17th June 2023, Skopje – Prospectus on the first auction of the development bonds for citizens will be announced by the end of this month, by which, this new financial instrument will be made available for the citizens. Procedure for purchasing bonds will be simple, to be carried out via the banks’ branch offices, where the applications will be submitted therefor, as pointed out by Minister of Finance, Fatmir Besimi in an interview for “Faktor”, thereby underlining the greater interest shown by citizens since the announcement of their issuance.
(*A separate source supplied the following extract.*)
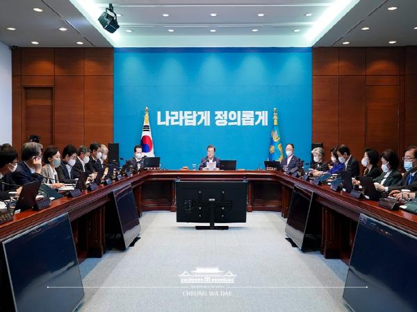 [더연합타임즈, 김현준기자] 문재인 대통령은 오늘 오전 청와대 여민1관에서 세종 국무회의실과 영상회의 방식으로 열린 제27회 국무회의를 주재했다. 오늘 국무회의에서는 <아동·청소년의 성보호에 관한 법률 일부개정법률 공포안> 등 법률 공포안, <채무자 회생 및 파산에 관한 법률 시행령 일부개정령안> 등 대통령령안, <2019회계연도 기금운용평가 결과> 등 보고안건 등이 심의·의결되었다.

“Development bond for citizens is not aimed at collecting money by the state – auctions of government securities on the domestic market have been held for two decades already, and I would like to hereby stress the great interest demonstrated by the institutional investors (banks and funds) over the past years. The very purpose thereof is offering new investment opportunities on the financial market to the citizens, which is a common thing in most of the economies throughout the world. I am pleased with the great interest demonstrated by the citizens once the issuance of the development bond for citizens was announced. I believe that by opening new opportunities for investments, in addition to strengthening the financial education of the population, the general awareness of the sound savings management and the possibilities for generating profit therefrom, will be raised”, Minister pointed out in the interview.
He went on that the citizens investing their available funds in the development bonds for citizens, will receive a compensation, i.e. attractive interest rate, which will be announced after publishing auction-related Prospectus.
“Citizens feel secure since the government bonds are considered a risk-free investment everywhere in the world, with such instrument being issued by the state, while also protecting their funds against the adverse effects resulting from the inflation. Coupon interest rate is generated from these bonds, entailing that every year, the agreed interest will be paid on the invested amount, whereby, at the end of the deadline, the invested capital, i.e. the amount the citizens are to pay, will be returned. This bond’s maturity will be two years”, Minister Besimi pointed out.
During his interview, he underlined that the bonds are financial instruments present in almost all economies, which do not substitute the savings deposits neither the investments in other securities, such as shares and parts in investment funds.
“Development bond for the citizens is not aimed at replacing bur rather enriching the relatively plain investment portfolio in our country. “Do not pull all your eggs in one basket – build a portfolio” is the first lesson for investors. The possibility for free-risk investment provides for enhancing the portfolio”, Minister Besimi said.